▶ **Exercise details**
The answer is to be the lines below that lie between the line holding "Term 新しい接続 」画面で、接続情報を入力します。" and the line holding "Футболка расслабленного силуэта", inclusive, transcribed exactly and free of pictures.

▶ **The data**
BEGIN

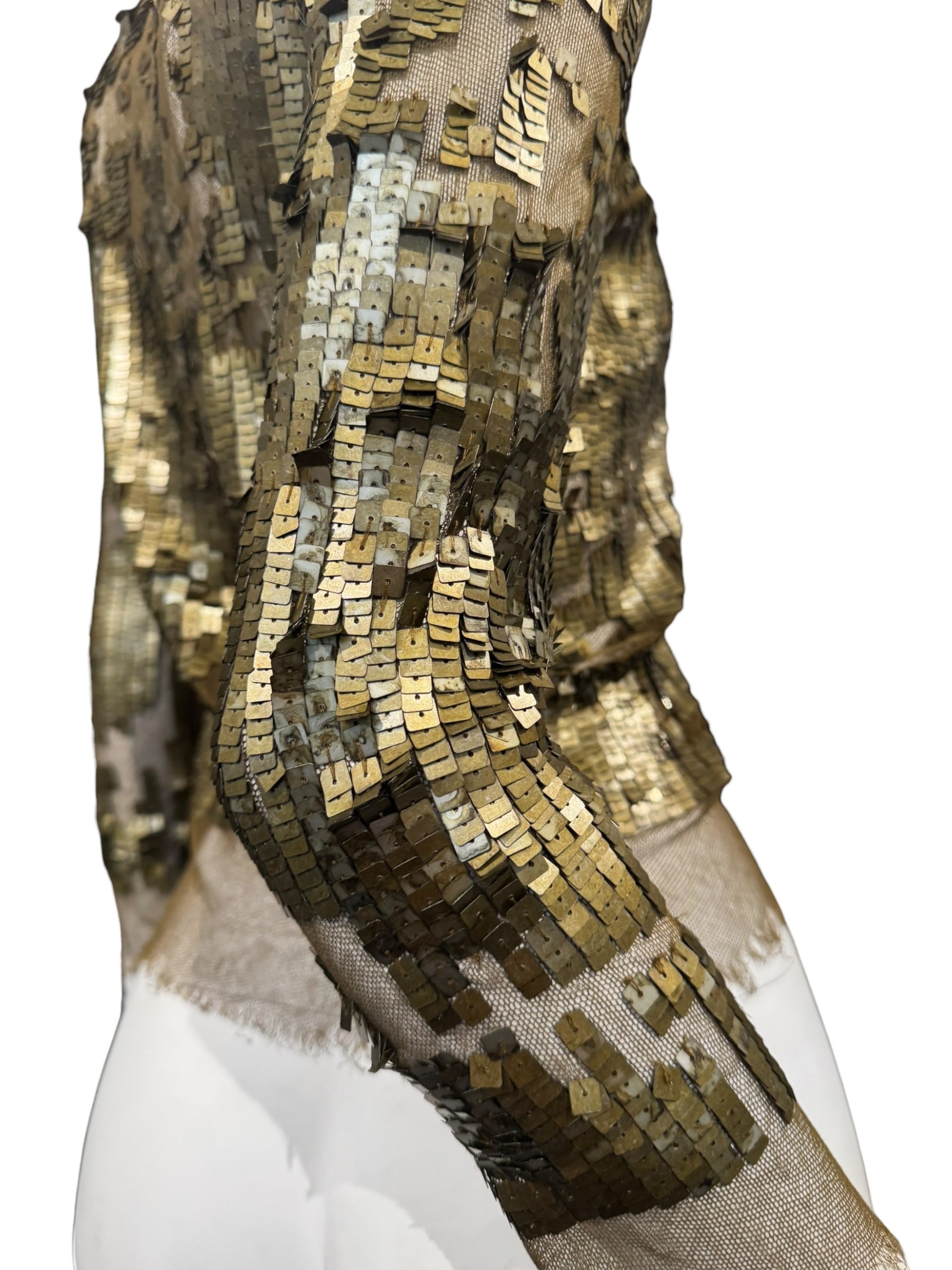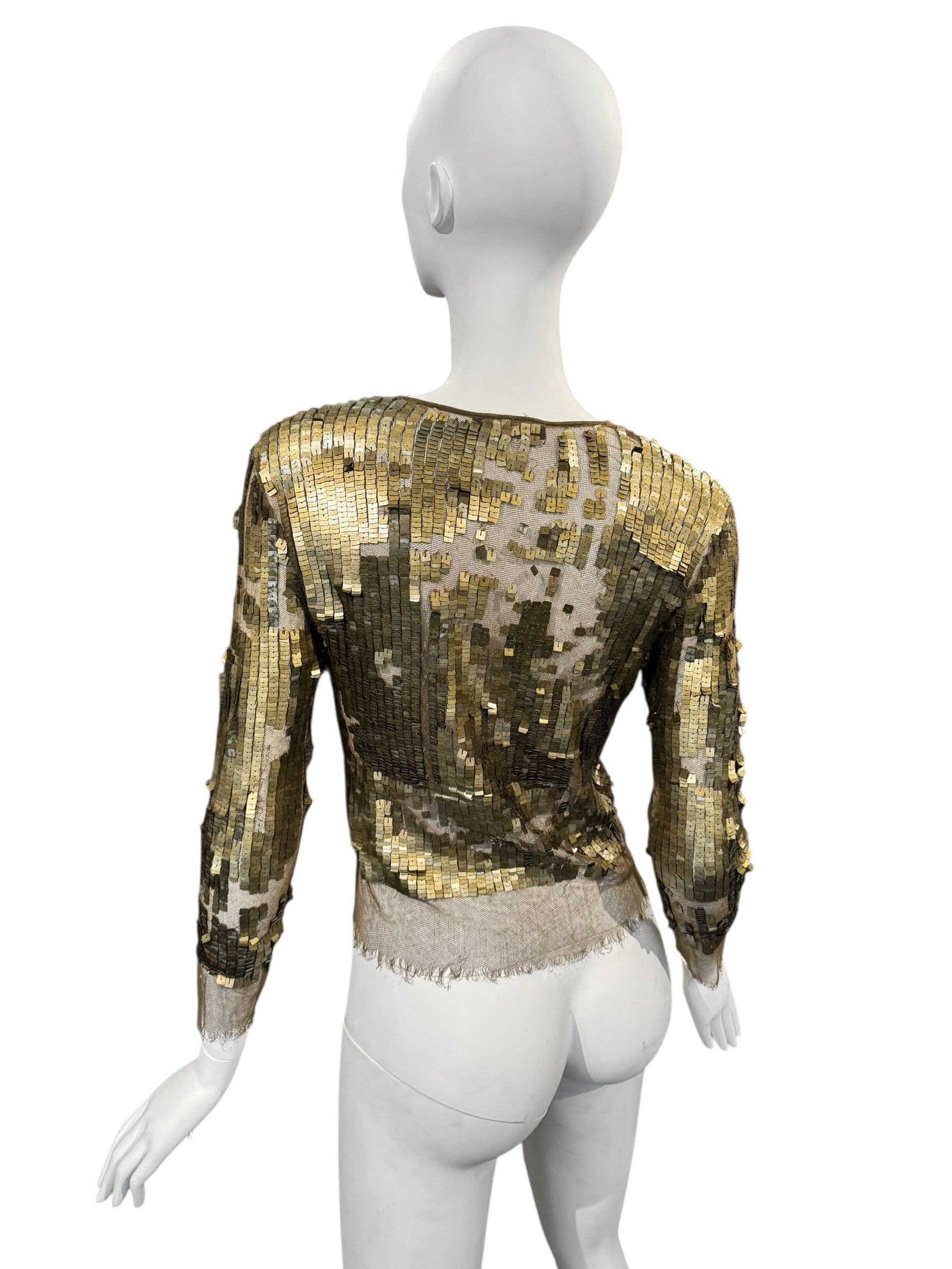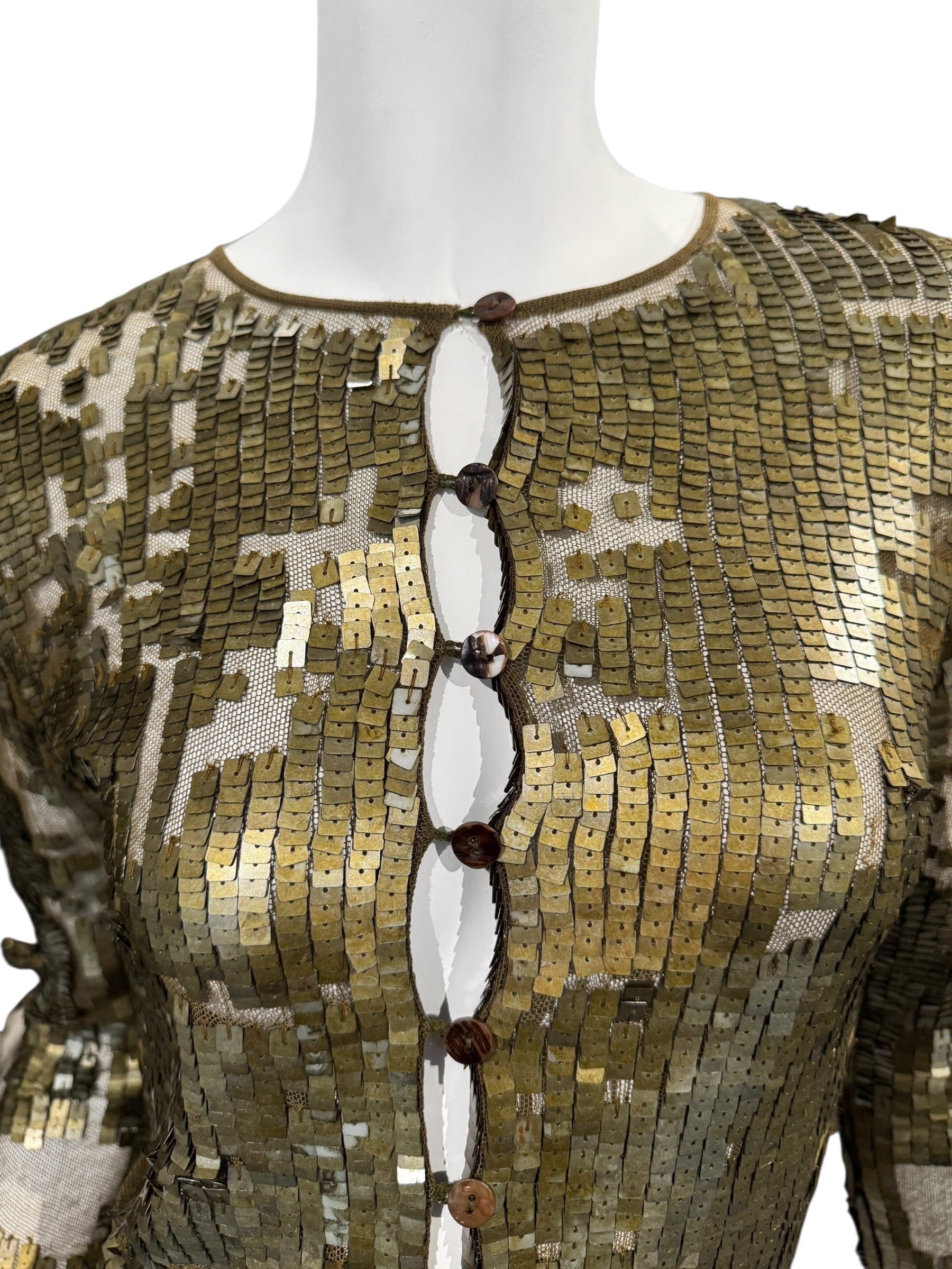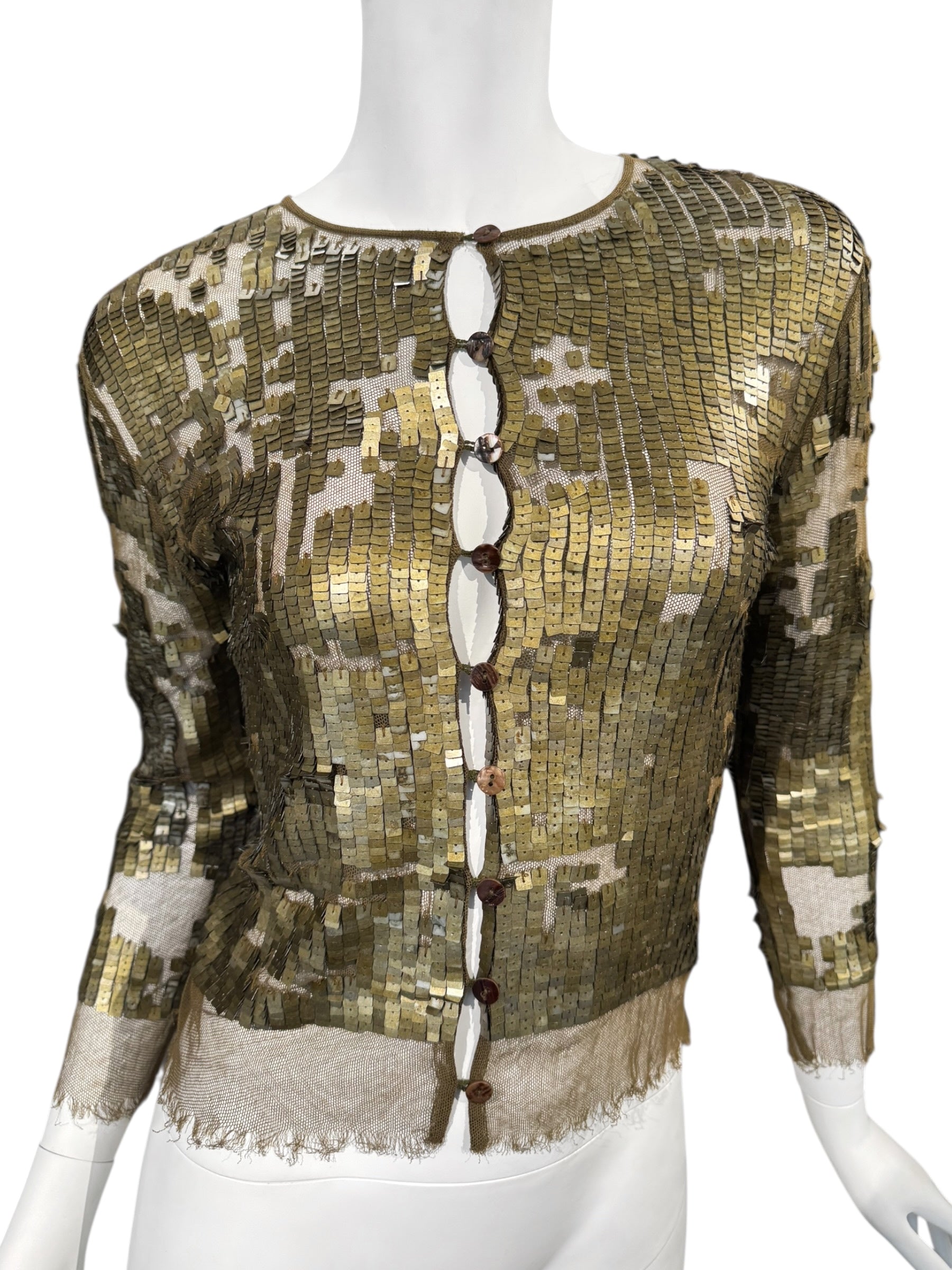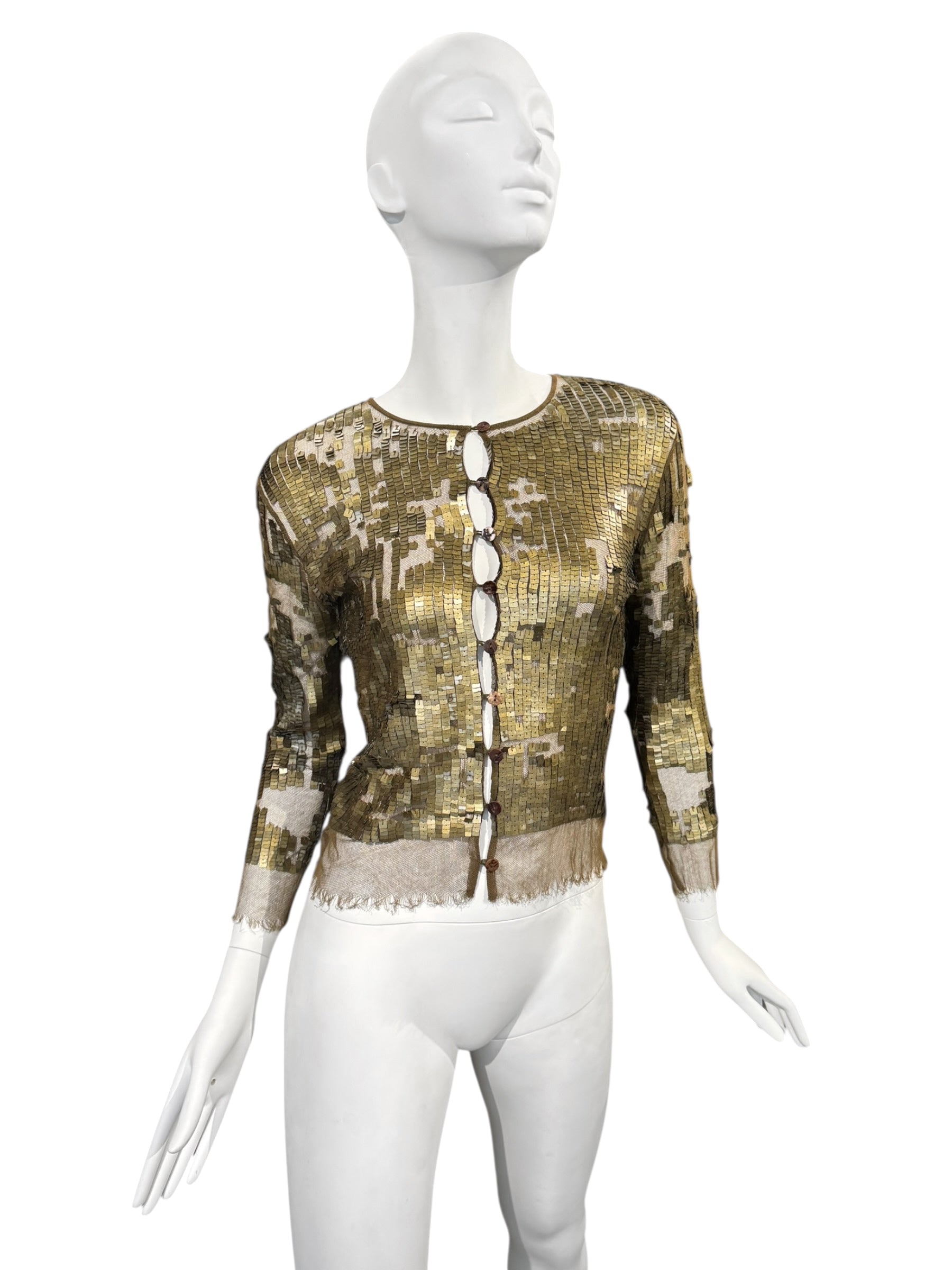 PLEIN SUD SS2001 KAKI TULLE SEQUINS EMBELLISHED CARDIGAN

END
BEGIN

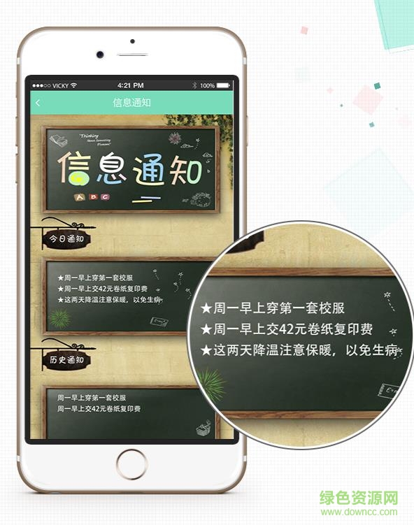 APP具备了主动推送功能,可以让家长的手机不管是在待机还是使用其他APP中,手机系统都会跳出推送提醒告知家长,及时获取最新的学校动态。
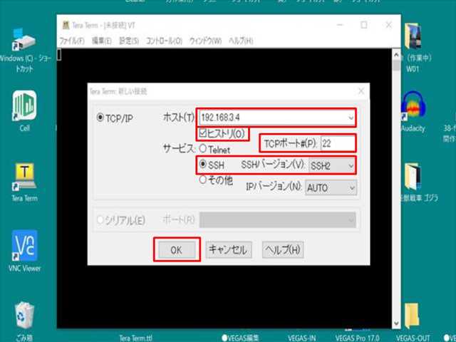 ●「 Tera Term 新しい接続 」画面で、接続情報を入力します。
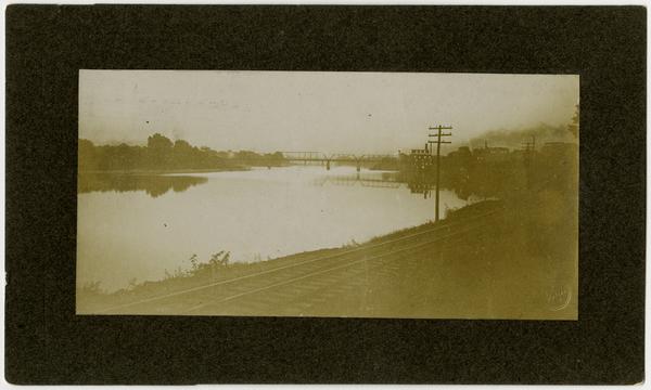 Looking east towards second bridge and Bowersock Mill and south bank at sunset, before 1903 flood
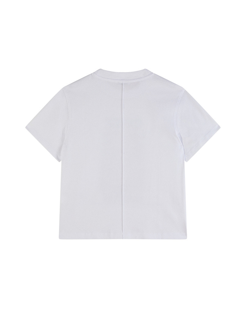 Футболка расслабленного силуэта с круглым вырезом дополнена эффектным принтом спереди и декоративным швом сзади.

END

▶ **Answer space**
 ●「 Tera Term 新しい接続 」画面で、接続情報を入力します。
 Looking east towards second bridge and Bowersock Mill and south bank at sunset, before 1903 flood
 Футболка расслабленного силуэта с круглым вырезом дополнена эффектным принтом спереди и декоративным швом сзади.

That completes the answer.